Trying to understand parallel performance in Turing

Hi!

I’ve been learning Turing for the last couple of weeks and while trying to make the most out of the 8 cores in my computer, I realized performance was not scaling as I expected when sampling multiple chains with multiple cores. So I setup the turing coinflip example from the turing intro to run in a single thread, multi-threaded and also distributed. Did the runs using 6 cores just to be sure nothing else in my system is providing a bottleneck. For the single and multi-threaded cases I used a common setup for the model and sampler parameters:

# Using Base modules.
using Random

# Load Turing
using Turing

# Load the distributions library.
using Distributions

#Create model for a set of coin flips
@model function coinflip(y)
    # Our prior belief about the probability of heads in a coin.
    p ~ Beta(1, 1)

    # The number of observations.
    N = length(y)
    for n in 1:N
        # Heads or tails of a coin are drawn from a Bernoulli distribution.
        y[n] ~ Bernoulli(p)
    end
end;

#Create artificial data for coin flips
# Iterate from having seen 0 observations to 100 observations.
Ns = 0:100;
# Set the true probability of heads in a coin.
p_true = 0.5
# Draw data from a Bernoulli distribution, i.e. draw heads or tails.
Random.seed!(12)
data = rand(Bernoulli(p_true), last(Ns));

# Settings of the Hamiltonian Monte Carlo (HMC) sampler.
iterations = 5000000
ϵ = 0.05
τ = 10

and then sampled with one thread (used @time rather than @benchmark but repeating a couple of times numbers were consistent)

#SINGLE THREAD EXAMPLE
function perform_sampling_solo(ϵ,τ,iterations)
    chains = sample(coinflip(data), HMC(ϵ, τ), iterations);
    return chains
end
# Start sampling.
@time chains = mapreduce(c -> perform_sampling_solo(ϵ,τ,iterations), chainscat, 1:6)

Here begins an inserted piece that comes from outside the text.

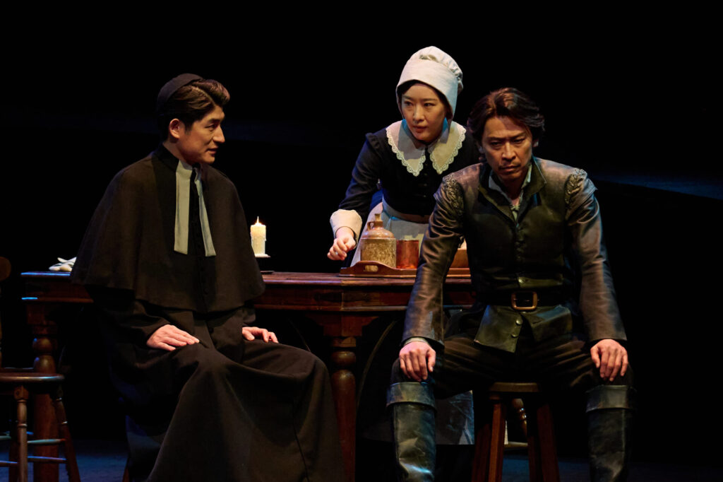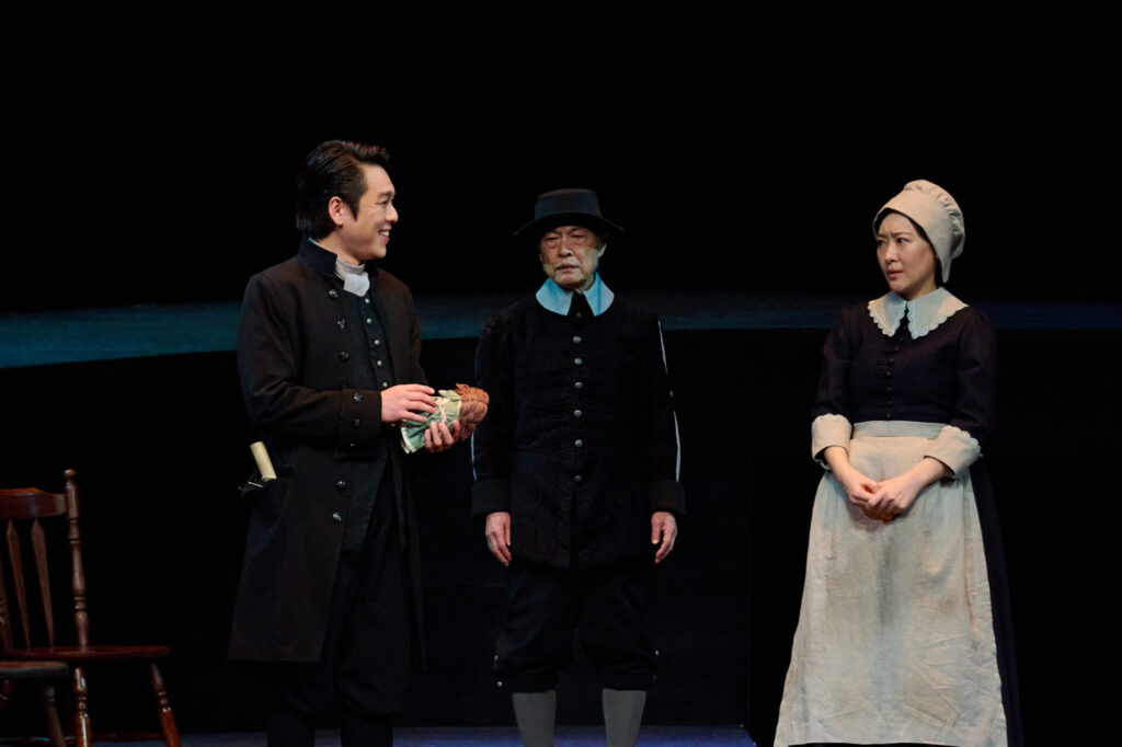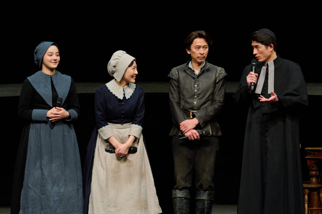 ジョン・ヘイル牧師役の松崎祐介さんは「これまでコメディ作品が多かったので、個人的に初めてのチャレンジになっています。悲劇で、実際に起きた事柄を物語で体現するということは、新たな引き出しが1個増えるんじゃないかと思います。この新しい気持ちをお客様にそのまま届けられたら」と意気込み、「上村さんは怖い方だという情報を色々なところから仕入れていたので、いざ本読みの時にお会いしたらなんてまろやかな方なんだろうと思いました。でも演劇に愛された方ですから、稽古場に入ると目の色が変わるんです。180度、僕たちの見えないところまで見る、僕には持っていない脳を持っている方」と語ります。

and sampled with multiple threads (used JULIA_NUM_THREADS=6)

#MULTI-THREADED EXAMPLE
function perform_sampling(ϵ,τ,iterations)
    chains = sample(coinflip(data), HMC(ϵ, τ), MCMCThreads(), iterations, 6);
    return chains
end
# Start sampling
@time perform_sampling(ϵ,τ,iterations)

To perform the distributed test I did the following

#DISTRIBUTED EXAMPLE
# Load Distributed to add processes and the @everywhere macro.
using Distributed

addprocs(6)

@everywhere begin
   # Using Base modules.
   using Random

   # Load Turing
   using Turing

   # Load the distributions library.
   using Distributions

   using BenchmarkTools

   #Create artificial data for coin flips
   # Iterate from having seen 0 observations to 100 observations.
   Ns = 0:100;
   # Set the true probability of heads in a coin.
   p_true = 0.5
   # Draw data from a Bernoulli distribution, i.e. draw heads or tails.
   Random.seed!(12)
   data = rand(Bernoulli(p_true), last(Ns));

   # Settings of the Hamiltonian Monte Carlo (HMC) sampler.
   iterations = 5000000
   ϵ = 0.05
   τ = 10
end

#Create model for a set of coin flips
@everywhere @model function coinflip(y)
    # Our prior belief about the probability of heads in a coin.
    p ~ Beta(1, 1)

    # The number of observations.
    N = length(y)
    for n in 1:N
        # Heads or tails of a coin are drawn from a Bernoulli distribution.
        y[n] ~ Bernoulli(p)
    end
end;

function perform_sampling(ϵ,τ,iterations)
    chains = sample(coinflip(data), HMC(ϵ, τ), MCMCDistributed(), iterations, 6);
    return chains
end

# Start sampling
@time perform_sampling(ϵ,τ,iterations)

Additional info, I’m using julia 1.7.1 with the following packages in my environment:

  [6e4b80f9] BenchmarkTools v0.7.0
  [31c24e10] Distributions v0.24.18
  [7073ff75] IJulia v1.23.2
  [c7f686f2] MCMCChains v4.14.1
  [c3e4b0f8] Pluto v0.17.5
  [f3b207a7] StatsPlots v0.14.30
  [fce5fe82] Turing v0.15.1

So the results I get from these tests are:

• single thread = 1590 seconds
• multi threaded = 1130 seconds
• distributed = 360 seconds

During both the multi-threaded and the distributed runs I see 6 of my cpu cores running at almost 100%. But still there is a very significant difference in performance. From the single threaded run I get just a 30% increase in performance by using 6 cores with multi-threading. The distributed run performs far better, with a ~440% boost in performance.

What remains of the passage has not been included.